La Integridad Electoral Se Construye sobre Competencia, No sobre Retórica. Aquí Está lo Que Vi.
Asistí a la casa abierta de la Oficina de Votantes del Condado de Orange la semana pasada. Treinta personas se presentaron a pesar del esfuerzo que el personal había invertido. La asistencia fue ligera. Pero lo que vi en esa oficina cambió cómo pienso sobre la competencia institucional.
Soy un escéptico de entrenamiento. He pasado años mirando datos financieros. Sé lo fácil que es para los sistemas fallar. Sé dónde aparecen puntos débiles. Fui a esa oficina esperando encontrar vulnerabilidades. En cambio, encontré competencia.
Lo Que Vi
El equipo nos llevó a través de la seguridad de las boletas. Las boletas se imprimen con medidas de seguridad que previenen falsificación. Cada boleta se rastrea a través del sistema. La cadena de custodia está documentada. Las boletas están protegidas de manipulación desde el momento en que se imprimen hasta que se cuentan. Miré el proceso y no pude identificar una vulnerabilidad significativa.
Explicaron la votación por correo. Las boletas de ausencia se verifican. La coincidencia de firma ocurre. El código de barras rastrea cada boleta. Las verificaciones de redundancia ocurren en múltiples puntos. Si una boleta se pierde, el sistema sabe que se pierde. Si una boleta se duplica, el sistema lo atrapa. Entendí la lógica. Era sólida.
La accesibilidad es más difícil de lo que la gente se da cuenta. Los votantes con discapacidades necesitan poder votar independientemente y en privado. Eso no es trivial de ingeniero. No puedes tener a un miembro del personal de pie con un votante ciego ayudándole a votar en privado. La oficina diseñó un sistema. Funciona.
Lo que vi más fue transparencia. Estas personas entendían que la confianza viene de abrir la puerta y mostrar el proceso. No de afirmar que el proceso funciona. De mostrarlo. Los votantes pueden observar. Los observadores de ambos partidos están presentes. El proceso está documentado y es público.
Aquí está lo que importa. Estos no eran operadores políticos con un hacha que moler. Estos eran profesionales técnicos haciendo trabajo competente. Sin ideología. Sin lealtad tribal. Solo rigor.
El Problema Real
La administración electoral debería ser aburrida. Cuando es aburrida, significa que funciona. Cuando la gente está peleando por elecciones, generalmente significa que algo se rompió. Pero lo que se rompió no siempre es el sistema electoral. A veces es la confianza institucional.
Vivo en una época cuando la desconfianza institucional es de moda. Algunas está justificada. Las instituciones fallan. Los gobiernos cometen errores. Pero parte de la desconfianza es fabricada por personas que se benefician del caos. Si puedes convencer a suficientes personas que el sistema está amañado, creas permiso para ignorar los resultados. Eso es útil para personas que quieren poder sin la restricción de la democracia.

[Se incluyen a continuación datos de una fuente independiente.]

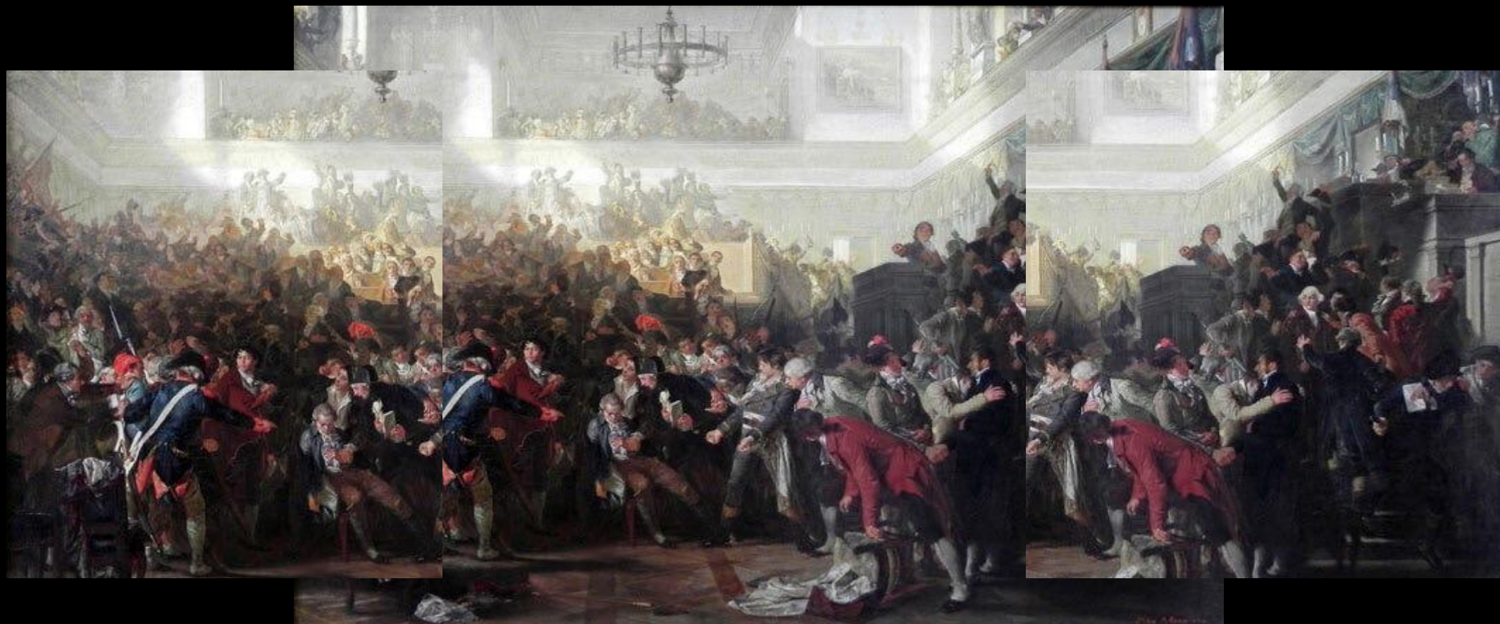
СВЕРЖЕНИЕ РОБЕСПЬЕРА В НАЦИОНАЛЬНОМ КОНВЕНТЕ 27 ИЮЛЯ 1794 ГОДА. КАРТИНА МАКСА АДАМО. 1870 ГОД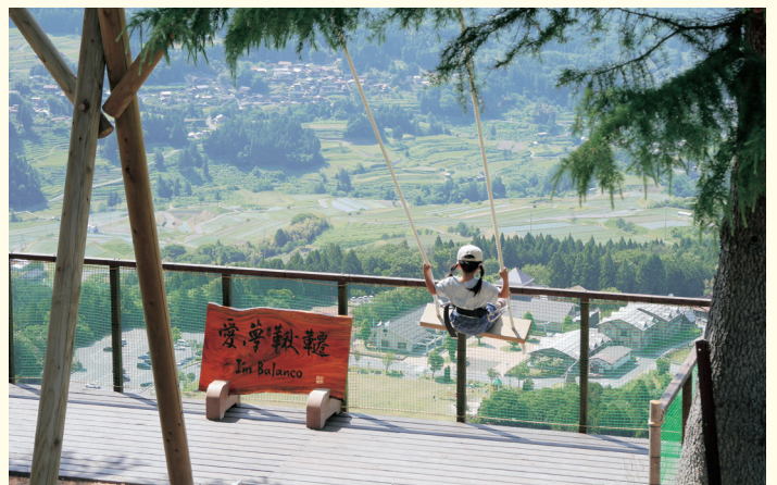
▲牧場公園グレンデ山頂にある大型のブランコ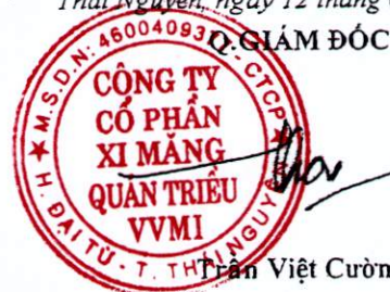
Trần Việt Cường

Lo que vi en esa oficina de votantes era una institución haciendo su trabajo bien. No perfectamente. Bien. Las personas que la dirigían entendían su responsabilidad. Entendían que la integridad electoral es un problema técnico, no político.
La Solución
Aquí está lo que me preocupa. Washington está intentando quitar autoridad sobre elecciones de las personas que realmente las dirigen. Los estados administran elecciones. Los oficiales locales ejecutan las oficinas electorales. Conocen los detalles. Entienden las vulnerabilidades. Saben cómo arreglarlo. Ahora Washington quiere imponer mandatos federales. Eso es al revés.
Esto es subsidiariedad. Los problemas se resuelven mejor a nivel local. Solo escala cuando el nivel local falla. Nuestro sistema electoral no está fallando. Está funcionando. Las personas que lo dirigen son competentes. Imponer mandatos federales no mejora un sistema que funciona. Crea nuevas vulnerabilidades y nuevos puntos de falla.
Estoy corriendo porque creo en el gobierno competente. Eso significa confiar en los profesionales que hacen buen trabajo. Significa defender la autoridad local cuando funciona bien. Significa no dejar que la soberbia federal socave sistemas que realmente funcionan.
La Oficina de Votantes del Condado de Orange se merece esa confianza. Cada oficial electoral en este país que hace su trabajo con rigor y transparencia se merece esa confianza. Así es cómo fortalecemos la democracia. No a través de retórica. A través de competencia. Y a través de defender las instituciones que la entregan.
Mark Leonard está compitiendo para representar a CA-45 en el Congreso. Este artículo es parte de su campaña para abordar los tres fracasos críticos que enfrenta nuestro distrito.
¿Qué piensas?
Comparte tus pensamientos sobre este tema. Estamos construyendo una campaña basada en las preocupaciones reales de las familias de CA-45.